Previous studies have used the approach of building models based on data immediately before outcomes such as death or hospital discharge, and then applying these models to earlier time points to predict prognosis [21]. Although this approach can identify factors directly associated with mortality and achieves good predictive accuracy near the outcome, it has not performed well for early prognostic prediction. Even among patients with COVID-19, at least 10 factors are associated with death, and their importance shifts over time: CRP and SpO₂ are more influential in the earlier phases, whereas β-D-glucan, platelets, and calcium become more important just before death.

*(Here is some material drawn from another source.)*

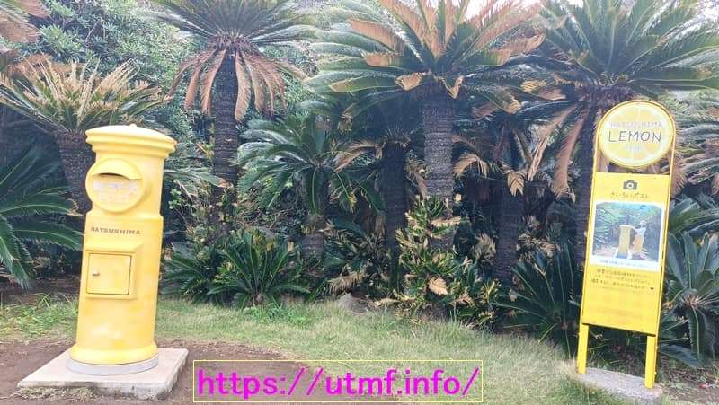 レモンバス停に黄色いポスト。背景は南国の植物。

In patients with COVID-19, viral proliferation is considered the primary pathogenic mechanism during the first few days after onset, whereas the inflammatory response and coagulation abnormalities due to host immunity become the dominant factors after the first week [29]. This shift necessitates early administration of antiviral drugs and neutralizing antibodies during the initial phase, and the use of steroids and anticoagulation therapy after the first week [30,31]. For effective clinical decision-making based on the phase of hospitalization, it is essential to present mortality risk with distinct, phase-specific rationales.

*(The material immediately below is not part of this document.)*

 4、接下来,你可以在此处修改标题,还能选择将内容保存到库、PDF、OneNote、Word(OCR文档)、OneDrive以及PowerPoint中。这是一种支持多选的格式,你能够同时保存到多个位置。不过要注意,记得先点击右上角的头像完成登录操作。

Our prognostic framework can be applied to various aspects of disease prevention and treatment. Early prognostic prediction immediately after hospitalization, which screens for potentially severe cases with high sensitivity, can be used to estimate the number of hospital beds and the amount of medical equipment required. Additionally, owing to the recent shortage of hospital beds, the number of patients receiving treatment at home is increasing, and cases of sudden deterioration or death during home care have become a cause for concern. By using the RSF model to identify early signs of mortality risk, it may be possible to reduce deaths during home treatment and ensure safer management outside the hospital. Coagulation factors, which are key predictors in the RSF mortality model, represent potent targets for early intervention. Heparin administration has been reported to improve the prognosis of severe DIC in patients with COVID-19 [32]. The RSF model may help determine the appropriate timing for initiating anticoagulation therapy and evaluate treatment effects over time.

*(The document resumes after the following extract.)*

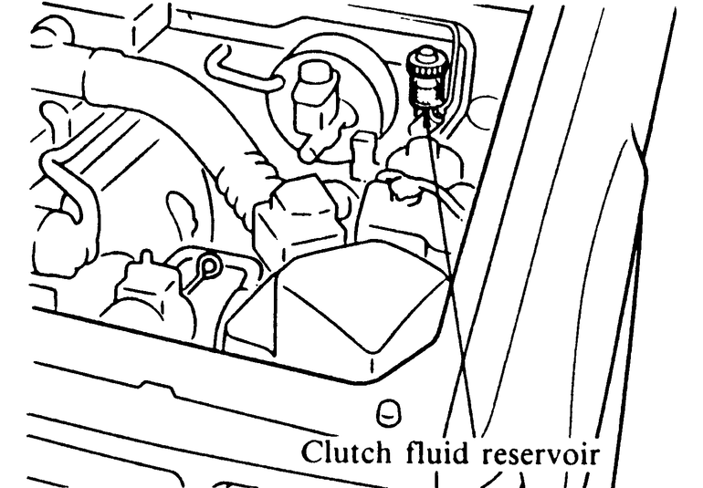 The clutch master cylinder is located at the left rear corner of the engine compartment. Check the level in the clutch master cylinder in the same manner as the brake master cylinder. The level should be kept at the MAX. mark or approximately 1/4 in. from the top of the cylinder. Use brake fluid in the clutch system. Be sure that the vehicle is on a level surface.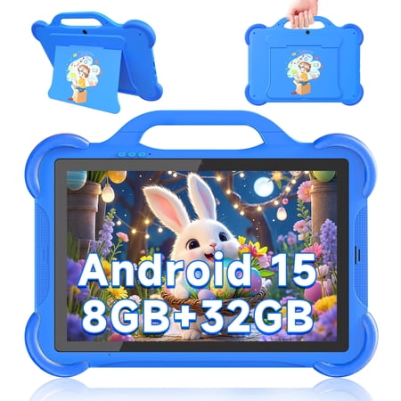 Android 15 Kids Tablet, 10 inch Toddler Tablet for Kids, 8GB (3GB Fixed + 5GB Expanded) RAM+32GB ROM Tablet for Boys Girls, 10.1" Tablet with Shockproof Case, Quad-core 1.8Ghz CPU, 1280*800 IPS HD Safety Eye Protection Screen, Parental Control APP Latest M...

Although our study utilized a retrospective dataset, we designed the model to simulate real-time clinical application by dynamically updating the CHF at each time point during hospitalization (eg, day t, t+1, t+2). At each time point, only clinical data available up to that day were used, thereby emulating real-world scenarios in which patient information accumulates sequentially. The RSF model recalculates risk scores daily, enabling the timely identification of clinical deterioration and supporting dynamic decision-making. This time-updating mechanism reflects the evolving clinical status of patients and is essential for informing appropriate interventions and care adjustments during hospitalization.

While our framework was developed using data from patients with COVID-19, the underlying approach—time-varying survival modeling with interpretable outputs—is applicable to other acute or chronic diseases characterized by dynamic clinical trajectories. However, we acknowledge that this generalizability has not yet been empirically validated. Future work should explore its application to other conditions, such as sepsis, pneumonia, or heart failure, using disease-specific datasets to evaluate the framework’s adaptability and robustness. To facilitate clinical integration, the model outputs could be embedded into electronic health record systems as real-time dashboards that display individualized risk trajectories and highlight contributing variables. For example, dynamic risk scores and SurvSHAP(t)-based feature summaries could be visualized alongside vital signs or laboratory trends to support triage decisions, early warnings, or escalation of therapy. Although we did not conduct a formal usability study, preliminary feedback from a small group of physicians who viewed the SurvSHAP(t) visualizations suggested that the temporal feature contributions enhanced their understanding of the rationale behind changes in risk over time. Future work should include structured surveys or qualitative interviews to assess how explainability tools influence clinician trust, understanding, and adoption in real-world settings.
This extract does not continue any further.